__Exercise details__: Exactly the lines from the one holding "10月12日,在濱州市沾化區下洼鎮,電商主播在棗園里直播賣冬棗。" through the last line of the listing below must appear in the answer, and no pictures.

__Dataset section__:
=====

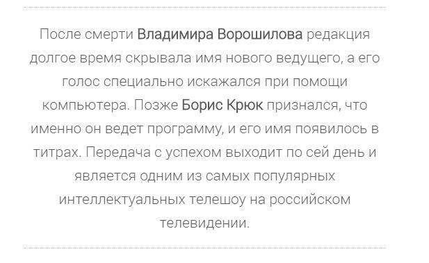 Нотки тембра беспристрастного, лаконичного и справедливого "голоса стен", программы "Что? Где? Когда?" принадлежавшего Владимиру Ворошилову - Ведущему этой легендарной программы (и только так - с большой буквы!) многие из игроков, и конечно же телезрители, пытаются сегодня угадать в голосе нового ведущего - Бориса Крюка... Не знаю кому как а мне эти голоса кажутся похожими, хотя новый ведущий кровно не связан со своим предшественником. Борис Крюк - новый ведущий программы "Что? Где? Когда?" приемный сын Владимира Ворошилова.
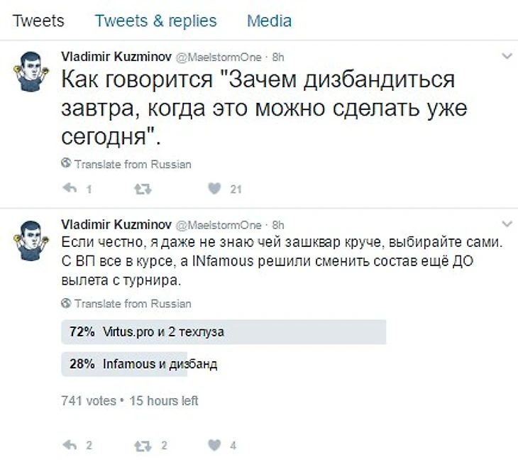 Комментатор студии RuHub Владимир «Maelstorm» Кузьминов поделился своим мнением о дизбанде команды Infamous. Команда была дисквалифицирована с квалификации на DAC и не приняла участие в матче против SG e-sports.
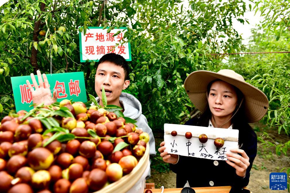 10月12日,在濱州市沾化區下洼鎮,電商主播在棗園里直播賣冬棗。
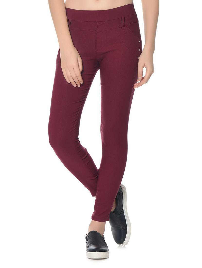 - » maroon solid mid rise jegging

=====

__Worked solution__:
 10月12日,在濱州市沾化區下洼鎮,電商主播在棗園里直播賣冬棗。
 - » maroon solid mid rise jegging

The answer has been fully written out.